Alistair Campbell: surrealism,

Barbara Cartland: a mystery,

Mills and Boon: biological fiction,

Dan Brown: fairy sagas.




Personal experiences
If you’ve had a real awful experience such as: finding out your mother's a cold blooded Zebra Tailed Lizard from Middlesbrough, or you used to take large quantities of psychotropic substances that gave you the grotesque hallucination of being able to write, use it for ‘fodder’ yeah that’s what writers call it, I think it makes 'em feel gritty.



Writing groups
Joining a writing group is a great confidence booster. To know your not as flawed as a group of people who take time out to concentrate of writing high coos for nine hours just to be able to sound better than another fat, bald, women is commendably low.

Writing groups motivate delusion and invariably take up space in a perfectly good hall. Think what you could do with that hall and a gun and them, probably a hell of a lot more drama then they could create.



Title
Spunk Drunk, titles have gotta grab your attention, that’s why Spunk Drunk when published sold 208 million copies on it’s opening weekend while Ernest Blindforth: the meaning of life explained and proved by scientists, sold only 4 in it’s entire shelf life. Picking a title is more important than what’s in it, some handy examples are: Blood baby on my cock, My mothers a washing machine, Fanta fuck? and The Phonebook.



Acknowedgements
Whatever you do, DON’T acknowledge your girlfriend or boyfriend. Chances are you’ll have split up with them sometime later and thusly left with a few thousand painful memories of them floating around, plus about ten books with their name on coupled with a rather over intimately noting on how she transformed your life failing to mention how she unscriptedly decimated it.

Keep it simple animals and sex toys.



Published?
You may feel disheartened when publishers refuse your book. J.K. Rowling got turned down many times and Harry Potter’s now as popular as tits.

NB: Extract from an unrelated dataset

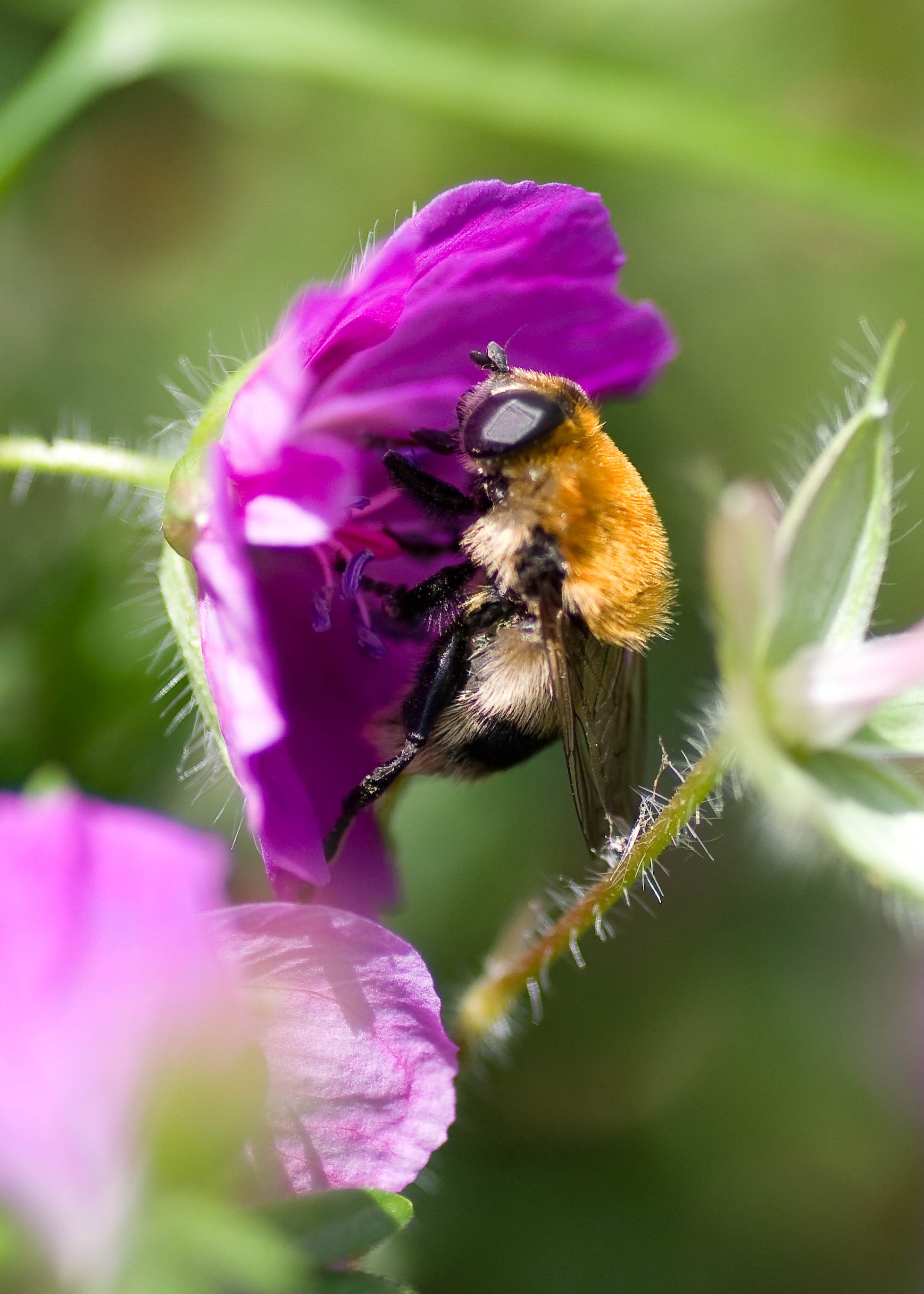 I have to say that the garden has been very quiet this last few months. Even insects have been scarce and I put this down to the use of pesticides in adjoining gardens over the last year. However, yesterday we had the first of the "special" hoverflies in the garden. Hoverflies are an interesting insect that we probably take for granted and ignore, but close inspection reveals an interesting group. There are 276 species of Hoverfly in the UK, I have recorded 23 in the garden. Some are quite familiar and common but as I said easily, and often over-looked. Many are colourful, some are frankly stunning but all of them are interesting because they use imitation as a strategy to escape predation. Not only are they attractive in the garden they are, in the main useful both as pollinators and predators in their own right. In common with other flies, they have 3 stages of development, egg, larva and adult. It is as larva that they are usually most beneficial to gardeners because at this stage they eat mainly greenfly and other aphids. Hoverflies need to be encouraged and their presence in the garden is a sure indication of a healthy environment. There are very few exceptions to this rule and today the Narcissus Fly (Meredon equestris) was on the wing in my garden, feeding on pollen from the new summer blooms. The Narcissus Fly gets it's name from the annoying habitat of damaging daffodil and tulip bulbs as a larva, foraging underground on the bulbs of these plants. This Hoverfly is a Bumble Bee imitator an could easily be confused as such. But have no fear, all Hoverflies are harmless to humans and carry no sting, nor do they bite.
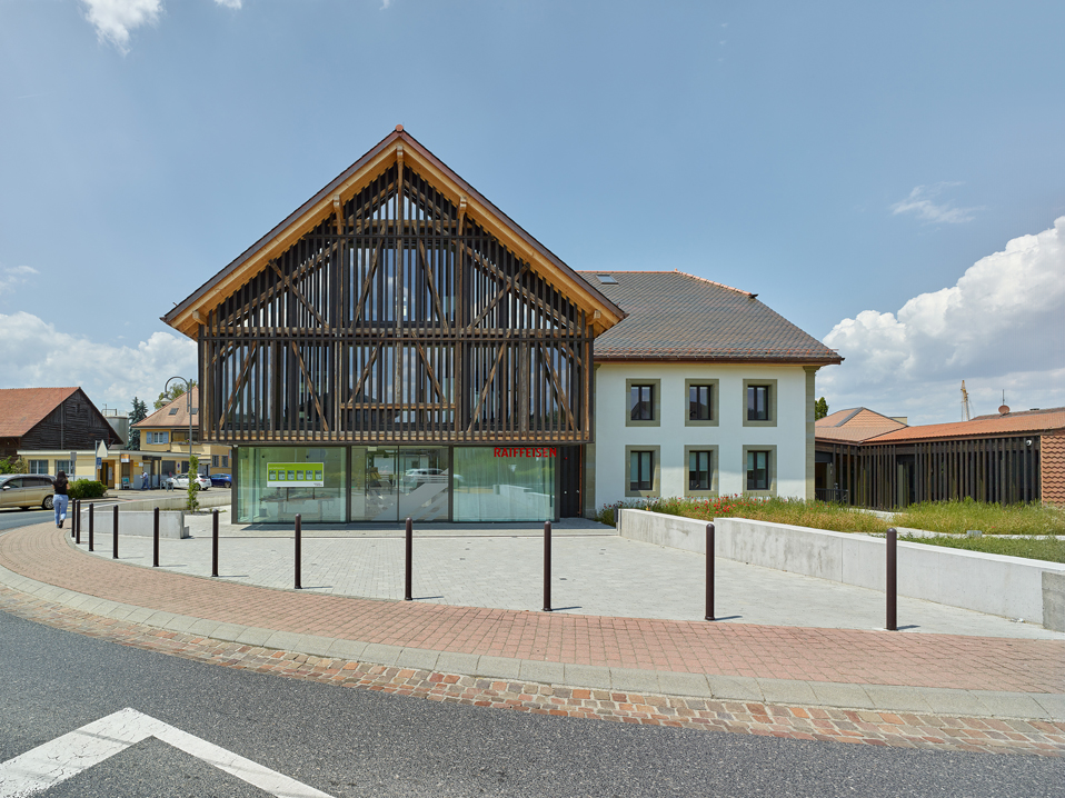 Umbau eines alten, denkmalgeschützten Bauernhauses zu einem neuen Hauptsitz (35 Mitarbeiter), in dem hauptsächlich die Schalter, Beratungsräume und Mitarbeiterbüros untergebracht sind, sowie Schaffung eines Nebengebäudes mit Cafeteria, Konferenzräumen und Tiefgarage.

Against popular belief do let editors change important parts of it, so to an entire extent it’s not even your book. In actuality it won’t make any difference because your book will be shelved behind an enormous cardboard cutout of: David Beckham’s – struggling to be self-important, picture book. And you’ll feel that the whole nature of writing is one big commercial fraud lambasting talent and elevating over hyped twats.




Popular
By complete fluke your book’s picture resembles apple’s new i fuck vibrating mouse balls. Everyone buys it anxious to be cool, four minutes later half the western hemisphere’s flicked through your book, blogged it, and set up odd homage sites devoted to a seemingly transient philosophical interpretation you had absolutely no idea you made.



The next novel
Like every great rock n roll group the second album has always been piss easy, that’s why they’re great. Remember what made you great in your first novel then repeat it again changing very little so the audience are essentially reading the same book but because two years have past since your last, they think you’ve matured, or evolved and laud over your plagiarised, repeated non-talent sending Hollywood into a shit storm that only Leonardo Di Caprio’s apathetic interpretation of your character will kill. Or you could get nothing, and then it’s back to Burger King. Y’know books make great bog roll.